▸ **Work order**
Your response should contain only the lines running from the top of the data below through the line with "あと払い(Buy Now Pay", both included. Pictures must be omitted.
*** Input data Section Begins ***
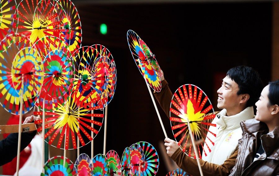 1月14日,人们在山东省临沂市“非物质文化遗产月”活动现场观赏民间艺人制作的风车。新华社发(张春雷摄)
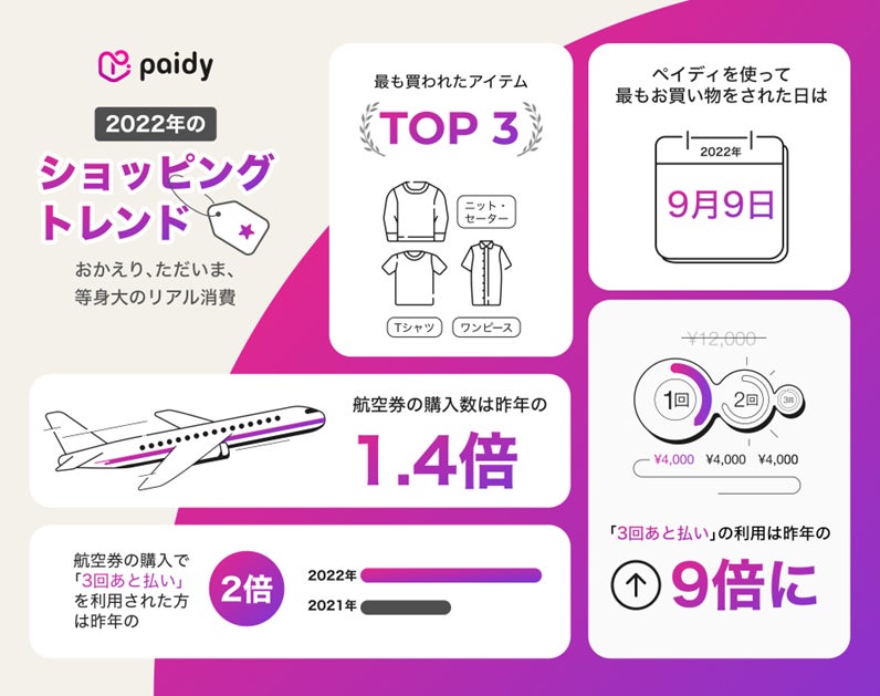 あと払い(Buy Now Pay Later)サービス「ペイディ」を提供する株式会社Paidyは、このたび、ペイディのお客様の2022年のお買い物トレンドをまとめましたのでご報告します。2022年は、歴史的な円安などによる物価上昇が見られたものの、新型コロナウイルスによる行動規制が3年ぶりに緩和され、旅行などのお出かけ需要が高まり、徐々に外向きの消費傾向が見られました。
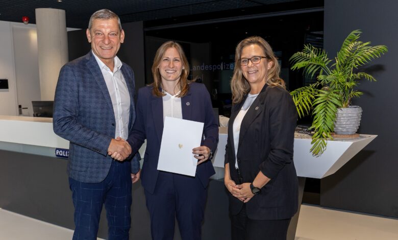Landespolizeidirektor HR Mag. Helmut TOMAC nahm im Beisein der Leiterin der Landeskriminalabteilung, Obst Katja TERSCH am 17. Juli 2024 die Übergabe des Bestellungsdekrets vor und gratulierte der Beamtin zu ihrer neuen und verantwortungsvollen Führungsaufgabe.
*** Input data Section Ends ***
▸ **Problem solution**
 1月14日,人们在山东省临沂市“非物质文化遗产月”活动现场观赏民间艺人制作的风车。新华社发(张春雷摄)
 あと払い(Buy Now Pay Later)サービス「ペイディ」を提供する株式会社Paidyは、このたび、ペイディのお客様の2022年のお買い物トレンドをまとめましたのでご報告します。2022年は、歴史的な円安などによる物価上昇が見られたものの、新型コロナウイルスによる行動規制が3年ぶりに緩和され、旅行などのお出かけ需要が高まり、徐々に外向きの消費傾向が見られました。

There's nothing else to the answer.